# grey tree frog



## welsher7 (Jul 29, 2005)

i just found what i think is a grey or cope's grey tree frog, Hyla versicolor or Hyla chrysoscelis. i think i'm going to keep it. what would be better a standard 10g or a 15xh. its a tree frog so i'm thinking the 15xh. what do you guys think about keeping native frogs?
thanks, 
Dan


----------



## welsher7 (Jul 29, 2005)

cool looking frog.


----------



## CrocKeeper (Dec 26, 2003)

First and foremost, make sure you are not violating any laws by keeping it.
If all is good there, keep it in the 15 ...they do well on a variety of insects, crickets, etc..
set it up with live plants, and I use powerheads buried in gravel to generate pools in the bottoms of the enclosure, keeps the water running, and filtered through the gravel..


----------



## welsher7 (Jul 29, 2005)

here is a picture of his temp. viv.


----------



## WorldBelow07 (Dec 16, 2004)

very nice ^_^


----------



## welsher7 (Jul 29, 2005)

well i set up the viv today. i picked up some kind of moss for the bottom a dish for a pool, and some fake plants to hang on the walls. I'll post pics when i get home from work. I'm going to work on a more viv. this weekend with live plants and a water feature. i'm gonna search the web for some more info on setting up vivs. thanks for all the help.

thanks, 
Dan


----------



## welsher7 (Jul 29, 2005)

a full shot of his viv








and two of him
















what do ya think?? anything i should change?

thanks, 
Dan


----------



## Mettle (Dec 29, 2003)

Looks very good! Love those nice pieces of driftwood you've got going on, for sure. And that frog looks pretty cool itself!

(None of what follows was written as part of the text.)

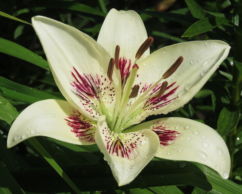 Луковицы лилии Centerfold рекомендуют высаживать в апреле – мае либо в сентябре. Место выбирают солнечное, с легким, рыхлым грунтом. Сорт отличается нежным ароматом и светлой окраской. С июня до августа на лилии Centerfold красуются белые крупные цветы, в серединке которых присутствуют фиолетовые штрихи. Диаметр раскрытых бутонов около 15 см. Растения используют для одиночных и групповых посадок, создания ароматных акцентов в смешанных цветниках, оформления различных зон сада.
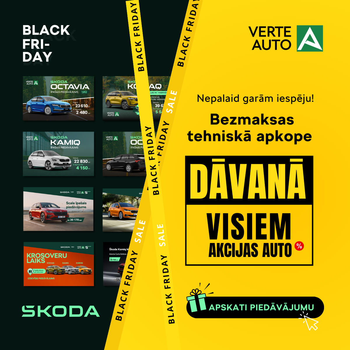 Melnās piektdienas piedāvājums pie Verte Auto – pērkot jaunu automašīnu, dāvanā bezmaksas tehniskā apkope, bet iegādājoties kādu no mazlietotajām automašīnām – īpašs cenas piedāvājums un 0% pirmā līzinga iemaksa!

Frogs are underrated. I've learned that from having my pacman.


----------



## flaredevil4 (Sep 9, 2006)

hey, that looks exactly like a frog that was in my backyard once! I have a compost and one day I hear a croaking sound. IT looked like that except it was camoflouged pretty damned well! Plus morth of where I live, there are plenty of frogs all over the place!


----------



## welsher7 (Jul 29, 2005)

thanx for the compliments. yea we have them every where. its weird when i saw it, i thought cool a tree frog, but now i see them everywhere. its cool if you actually pay attention to whats around you will find all kinds of cool things. i found another tiny tiny one last night, along with a northern leapord frog and common toad all on my drive way within 10ft. of each other. but i think i'm gonna let it go tonight.

thanks, 
Dan


----------



## psychofish (Jun 5, 2004)

Thats an awsome set up


----------



## Mettle (Dec 29, 2003)

All that time and money spent and you're just releasing it?


----------



## Nethius (Feb 23, 2003)

Sweet frog man! Nice find!


----------



## Wide_Eyed_Wanderer (Aug 22, 2006)

u really did a nice job on his tank


----------



## CLUSTER ONE (Aug 2, 2006)

thats very nice but i think it would look great if you put some real plants in there instead of the fake ones


----------